━━ Provided data ━━

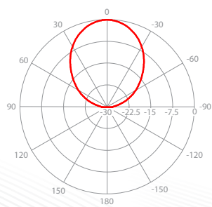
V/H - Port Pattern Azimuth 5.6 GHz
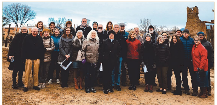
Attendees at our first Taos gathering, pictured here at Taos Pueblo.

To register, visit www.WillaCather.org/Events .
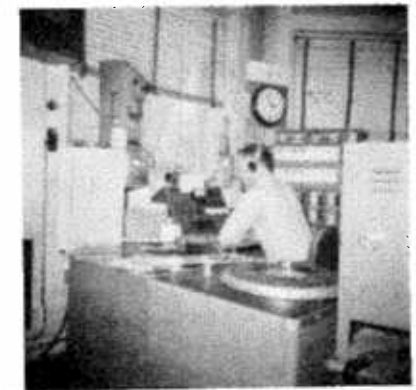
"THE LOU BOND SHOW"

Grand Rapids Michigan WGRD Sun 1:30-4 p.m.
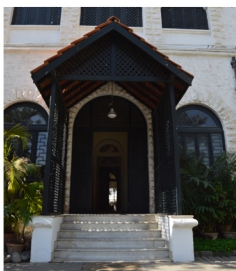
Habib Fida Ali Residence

━━━
━━ Provided data ━━

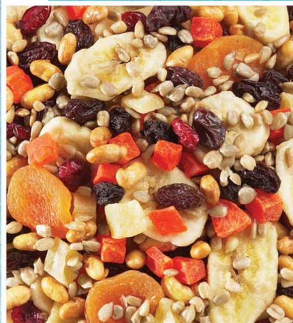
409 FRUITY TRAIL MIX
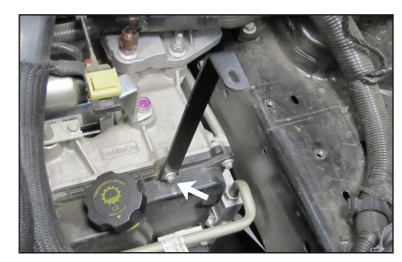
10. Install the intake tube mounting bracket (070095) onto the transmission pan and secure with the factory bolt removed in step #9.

━━━

● **Instructions for the task**
Only the lines of the listing above from the one with "Grand Rapids Michigan WGRD Sun 1:30-4 p.m." through the one with "Habib Fida Ali Residence" should be output, exactly, with both ends kept and pictures left out.

● **Written answer**
Grand Rapids Michigan WGRD Sun 1:30-4 p.m.
Habib Fida Ali Residence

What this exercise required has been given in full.